According to the Detroit Free Press, state attorney Margaret Nelson defended the law on behalf of the state, arguing it has “a legal right to try to save money and an interest in protecting marriage. The plaintiffs assume that they are similarly situated to married employees. They do not have a legally recognized relationship under Michigan law. Same-sex couples are viewed under state law more like single people, friends or roommates, who also will lose their benefits as a result of the law change.”
Bloss said he felt like he was in a “funk” after listening to the state’s argument. “The President makes you feel like change will happen, but the state of Michigan is actively doing things in the opposite.”
That’s why ACLU LGBT Project staff attorney Jay Kaplan said this year’s election is so important. “There are three openings on the Court and depending on the outcome of these elections the majority could change. That is why it so important that voters are informed about the candidates running for the Michigan Supreme Court and their positions on LGBT rights. The lack of awareness of the candidates and their positions has probably contributed to a majority on the Court which has issued a number of decisions hostile to the LGBT community, as well as other minority groups.”

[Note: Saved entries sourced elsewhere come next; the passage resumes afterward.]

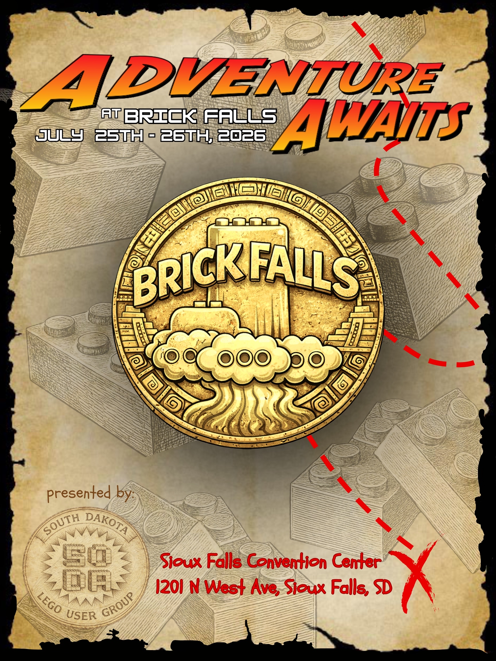 Brick Falls 2026 Saturday, July 25, 2026 10:00 AM Sunday, July 26, 2026 4:00 PM Sioux Falls Convention Center 1201 North West Avenue Sioux Falls, SD, 57104 United States (map) Google Calendar ICS IowaLUG members will be attending and displaying amazing creations at Brick Falls 2026! Come out to the show to see our LUG’s setup, as well as many other displays from LEGO fans across the Midwest.
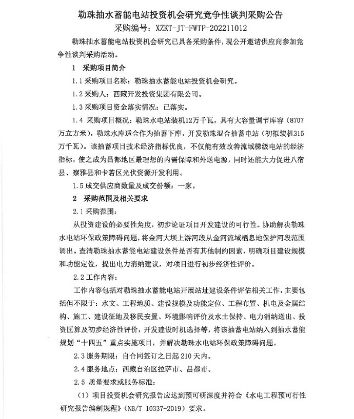 勒珠抽水蓄能電站投資機會(huì )研究競爭性談判采購公告
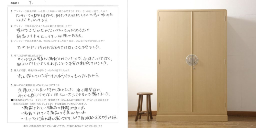 Y様も桐箪笥をお使いいただく中で、何か気になる事がございましたら、お気軽にご相談くださいね。
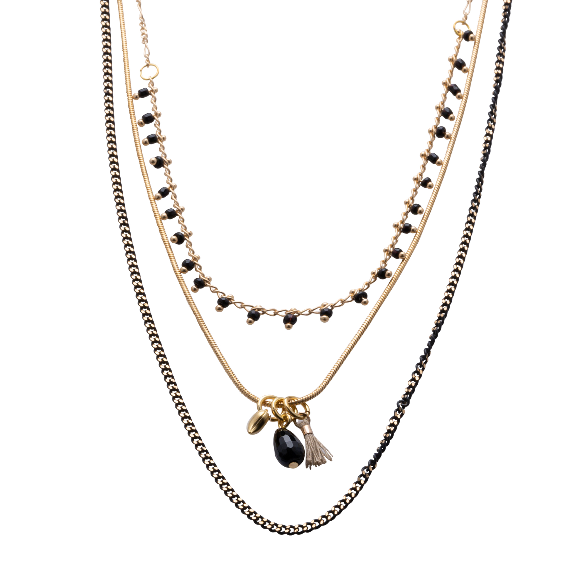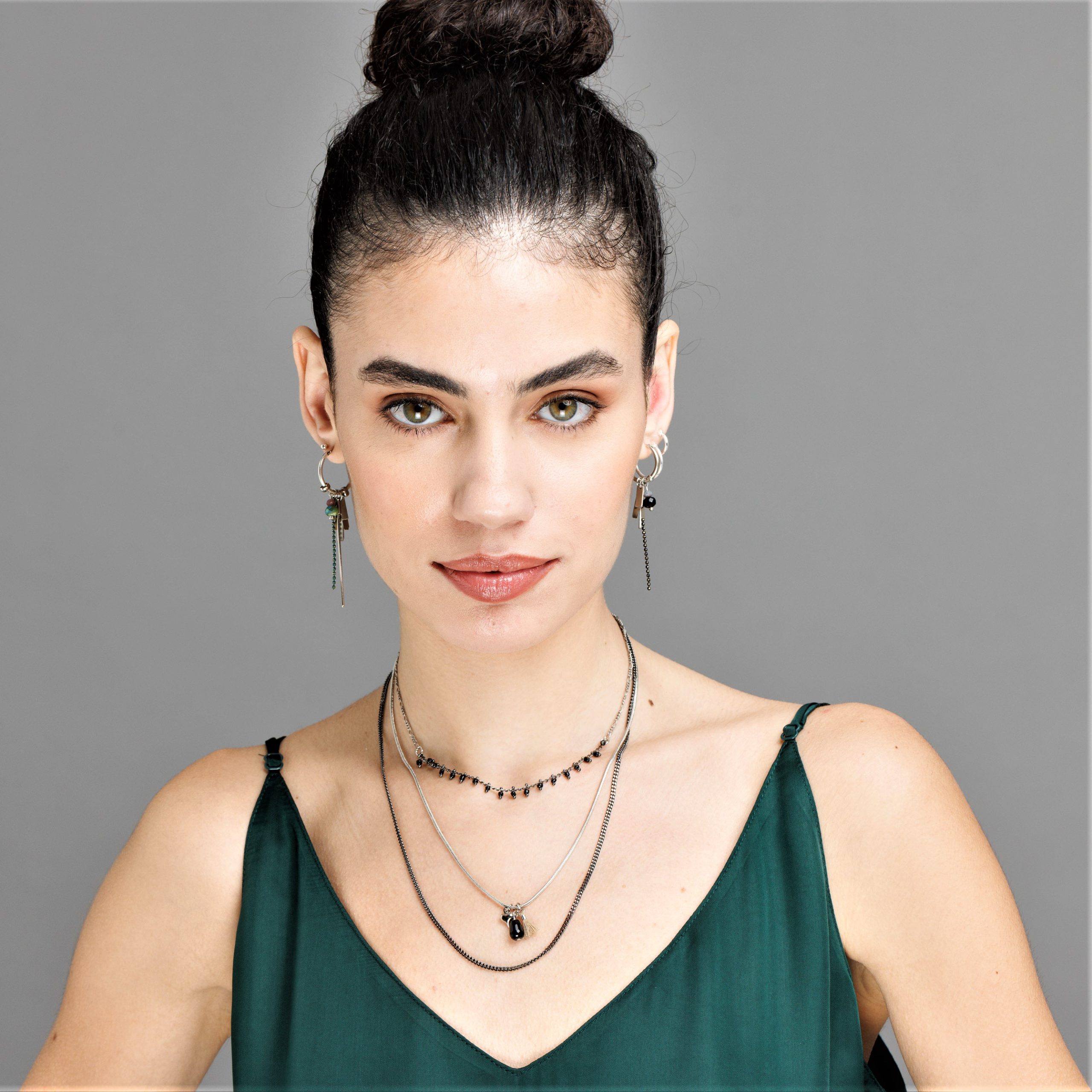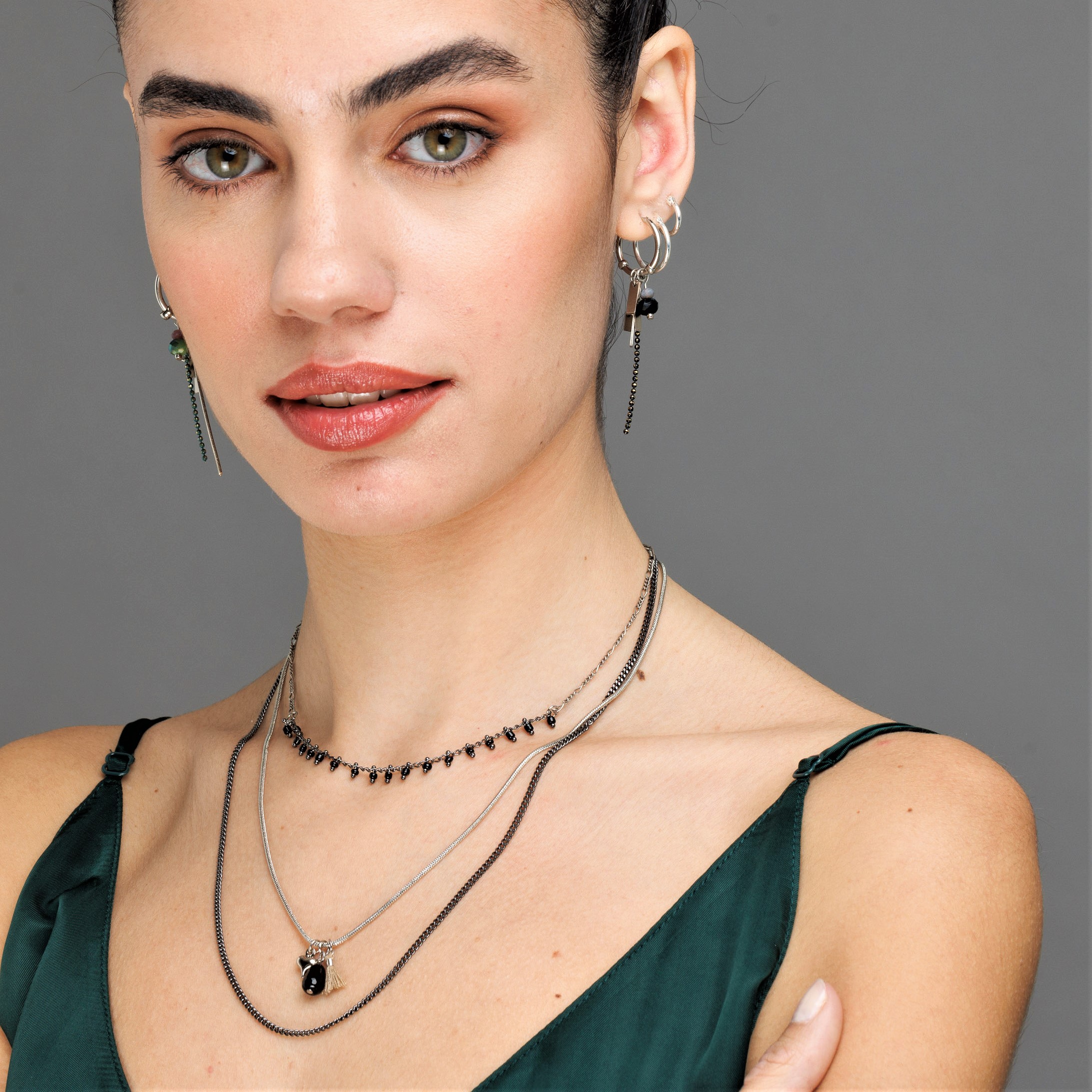שרשרת המורכבת משלוש שכבות: שכבה ראשונה שרשרת קצרה משולבת עם אבני שחורות קטנות, שרשרת אמצעים עם תליונים ושרשרת תחתונה של גורמט עדינה בצבע שחור
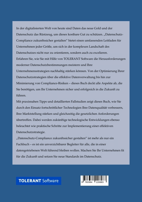 In der digitalisierten Welt von heute sind Daten das neue Gold und der Datenschutz das Rüstzeug, um dieses kostbare Gut zu schützen. "Datenschutz-Compliance zukunftssicher gestalten" bietet einen umfassenden Leitfaden für Unternehmen jeder Größe, um sich in der komplexen Landschaft des Datenschutzes nicht nur zu orientieren, sondern auch zu excelieren.Erfahren Sie, wie Sie mit Hilfe von TOLERANT Software die Herausforderungen moderner Datenschutzbestimmungen meistern und Ihre Unternehmensstrategien nachhaltig stärken können. Von der Optimierung Ihrer Datenschutzstrategien über die effektive Datenverwaltung bis hin zur Minimierung von Compliance-Risiken - dieses Buch deckt alle Aspekte ab, die Sie benötigen, um Ihr Unternehmen sicher und erfolgreich in die Zukunft zu führen.Mit praxisnahen Tipps und detaillierten Fallstudien zeigt dieses Buch, wie Sie durch den Einsatz fortschrittlicher Technologien Ihre Datenqualität verbessern, Ihre Marktstellung stärken und gleichzeitig die gesetzlichen Anforderungen übertreffen. Dabei werden zukünftige technologische Entwicklungen ebenso beleuchtet wie praktische Schritte zur Implementierung einer effektiven Datenschutzstrategie."Datenschutz-Compliance zukunftssicher gestalten" ist mehr als nur ein Fachbuch - es ist ein unverzichtbarer Begleiter für alle, die in einer datengetriebenen Welt führend bleiben wollen. Machen Sie Ihr Unternehmen fit für die Zukunft und setzen Sie neue Standards im Datenschutz.
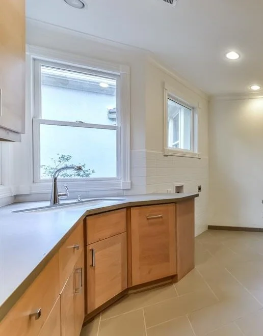 These whitewashed wood finish cabinets are due for painting in 2023 if they are not being replaced.
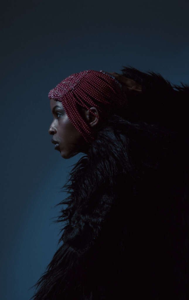 I think Vivienne Westwood, with her inspired collections and her activism, would have been intrigued by Oyinbokure’s photographs. She frequently quoted the philosopher Bertrand Russell — “Orthodoxy is the grave of intelligence.”Compare Vivienne’s Orange Sheepskin Short-Sleeved Bolero from the Erotic Zones Collection (Spring/Summer 1995) to Oyinbokure’s A.I.-generated shaggy body-enveloping creations!
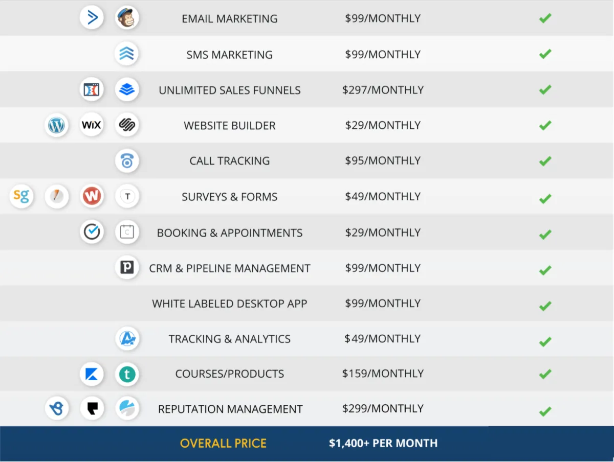 Before FACTS Built CRM you needed to pay for and manage a multitude of marketing tools that didn’t talk to each other and caused marketing campaigns to either not get implemented or have poor follow up. NOT ANYMORE. FACTS CRM replaces nearly all your current marketing tools and gives you some that you probably didn’t already have. All integrated, all in one platform.
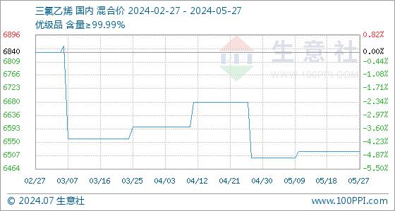 5月27日生意社三氯乙烯基准价为6520.00元/吨
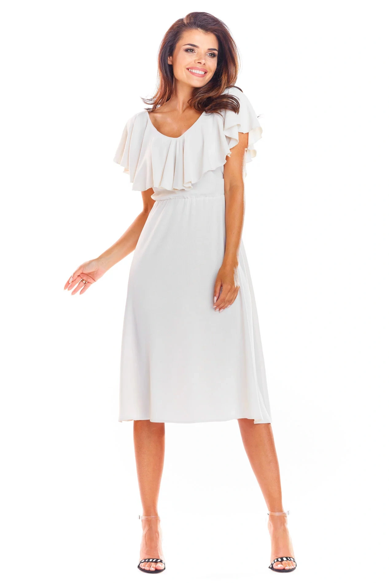 Sukienka damska 144-2 Sara Numoco o długości poniżej kolan - krótkie rękawy - dekolt w łódkę - małe
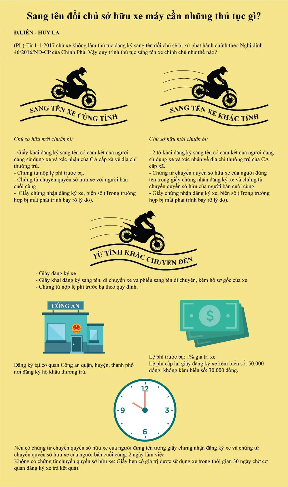 (PLO)- Từ 1-1-2017 chủ xe không làm thủ tục đăng ký sang tên đổi chủ sẽ bị xử phạt hành chính theo Nghị định 46/2016/NĐ-CP của Chính Phủ. Vậy quy trình thủ tục sang tên xe chính chủ như thế nào?
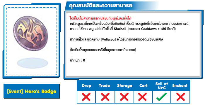 เงื่อนไข : ตัวละครเลเวลตั้งแต่ 200 ขึ้นไป , มี [Event] Hero’s Badge ในครอบครอง

Kaplan explained that it would be difficult to prevail on an LGBT civil rights issue with the current composition of Michigan’s Supreme Court, a 4-3 conservative majority. “At this point in time, bringing an action in federal district court may seem more viable because judges are appointed by the president and are not likely to be as beholden to political parties as our state judges are. However, the viability of success of a federal challenge also depends on the composition of the Court of Appeals in the Sixth Circuit, as well as the U.S. Supreme Court, which is the ultimate decider. These judges and justices are appointed by the president and that is why who we vote for president makes a big difference regarding who ends up on the courts. Voters also need to be informed on this issue. A Romney federal bench would be vastly different that an Obama federal bench and this would also have an impact on LGBT rights.”
As for the future of this particular case, Goad said an additional round of briefing was submitted toward the end of August. “We are waiting to receive a decision from Judge Lawson on plaintiffs’ motion for a preliminary injunction, as well as defendant’s motion to dismiss.”